*What is being asked*. Omit any pictures, and restate word for word only the lines from the one with "Depending on the quantity, lace" through the end of the data below.

*Data records*.

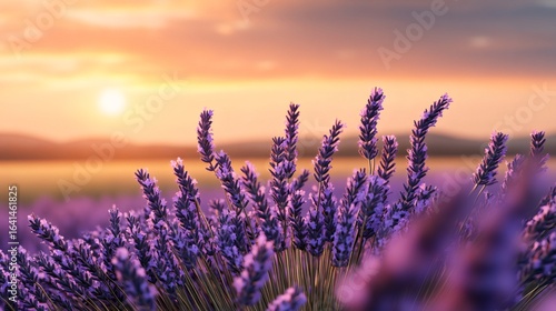 © creative, Naklejka premium Lavender field bathing in golden sunset light
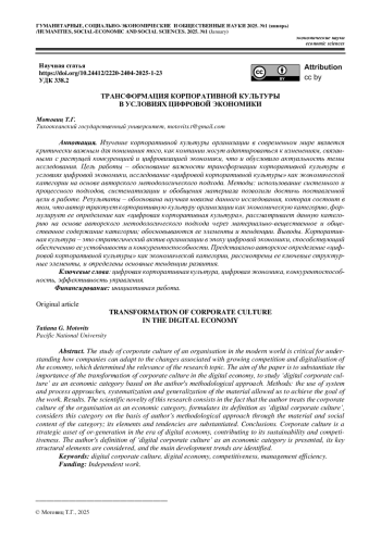 Статья: ТРАНСФОРМАЦИЯ КОРПОРАТИВНОЙ КУЛЬТУРЫ В УСЛОВИЯХ ЦИФРОВОЙ ЭКОНОМИКИ (2025)
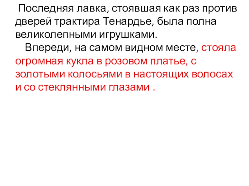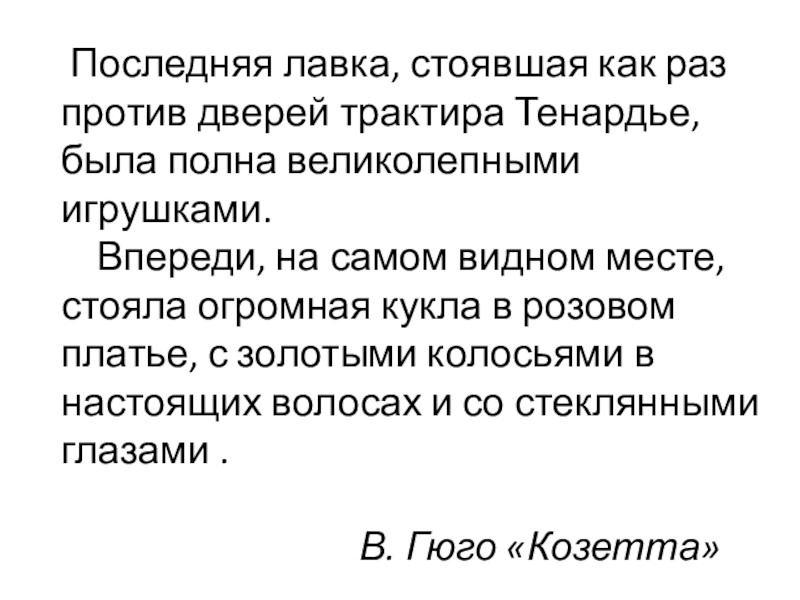 Слайд 9 Последняя лавка, стоявшая как раз против дверей трактира Тенардье, была
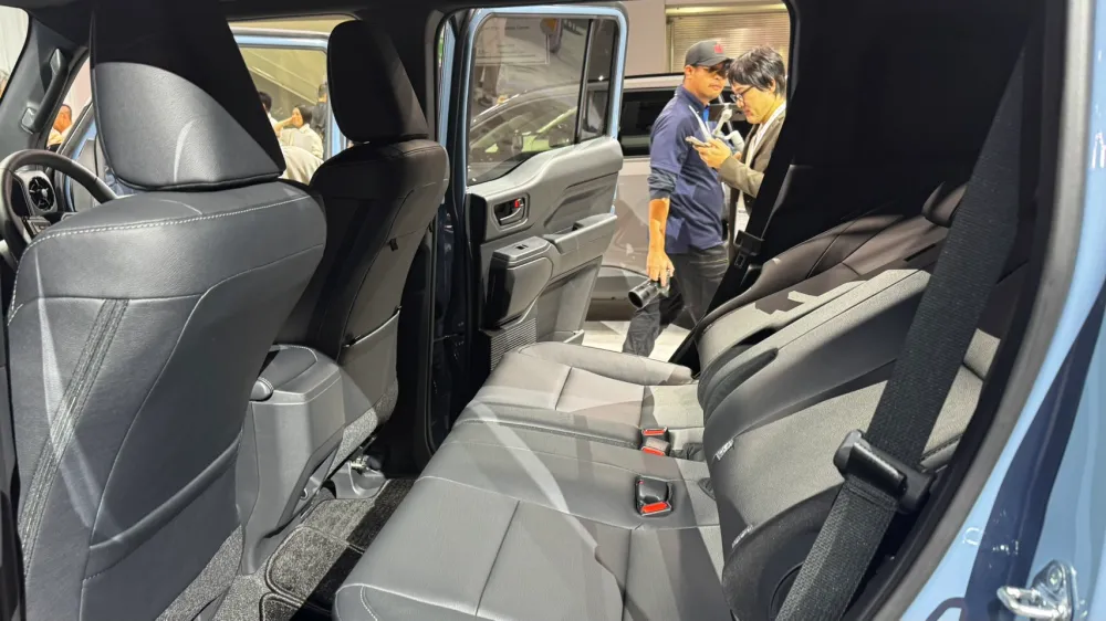 นอกนั้นในด้านเบาะนั่ง เบื้องต้นจะเป็นเบาะหุ้มหนัง ออกแบบด้วยดีไซน์เรียบง่าย เน้นพนักหลังที่ค่อนข้างแบนโดยเฉพาะเบาะคู่หน้า เพื่อเพิ่มพื้นที่สำหรับผู้โดยสารตอนหลังให้มากที่สุดในระยะฐานล้อที่มีค่อนข้างจำกัด และโทนสีภายในห้องโดยสารจะเป็นสีดำทั้งหมด เพื่อลดโอกาสที่ผู้ใช้จะเห็นรอยด่างต่างๆในตอนเอารถไปเข้าป่าฝ่าดง
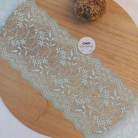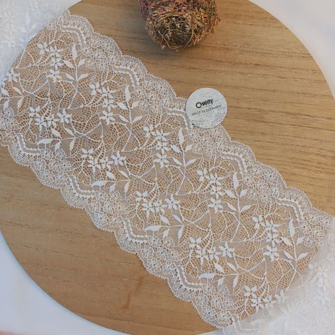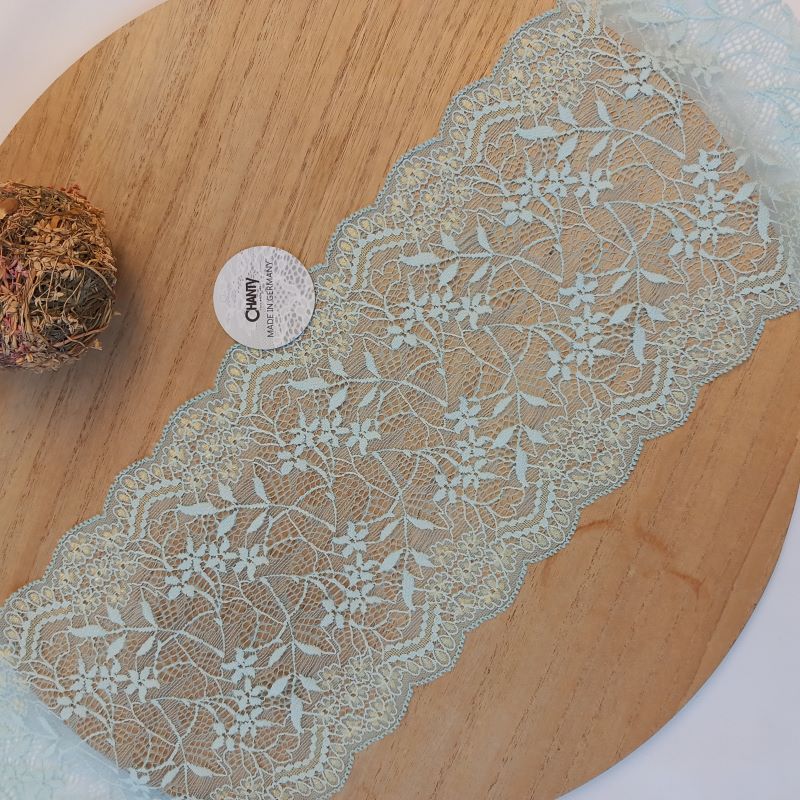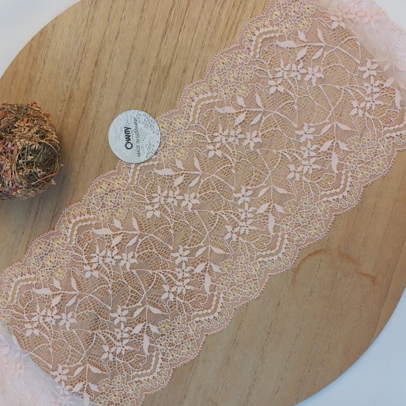Depending on the quantity, lace fabrics will either be put onto a roll/spool and packed into cartons or, if the quantity is low, they may also be just folded and put into an envelope. The meterage per roll/spool varies depending on the width.
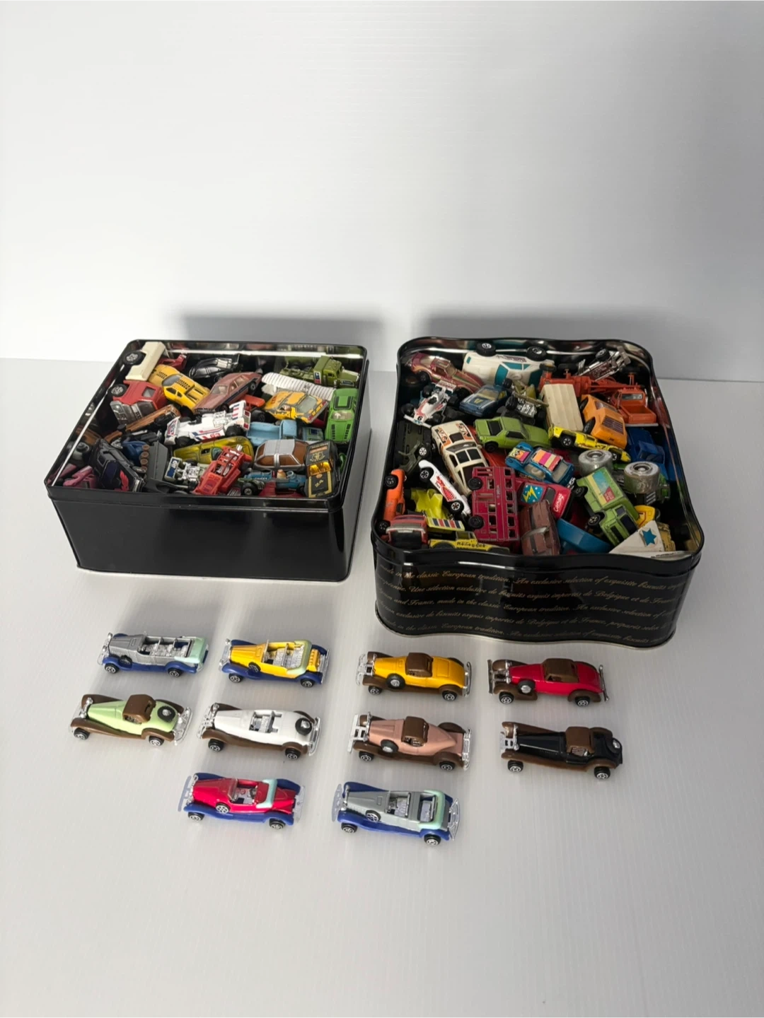 145Selling my collection of different vintage toy cars. Comes with an assortment of carded, Hong Kong, Japan, and and two tins full of mixed diecasts toys. There is a bit of everything: yatming, Zylmex, Kenner etc. Condition ranges, selling as one big lot. Located in Pickering ON

*Result of this task*.
Depending on the quantity, lace fabrics will either be put onto a roll/spool and packed into cartons or, if the quantity is low, they may also be just folded and put into an envelope. The meterage per roll/spool varies depending on the width.
 145Selling my collection of different vintage toy cars. Comes with an assortment of carded, Hong Kong, Japan, and and two tins full of mixed diecasts toys. There is a bit of everything: yatming, Zylmex, Kenner etc. Condition ranges, selling as one big lot. Located in Pickering ON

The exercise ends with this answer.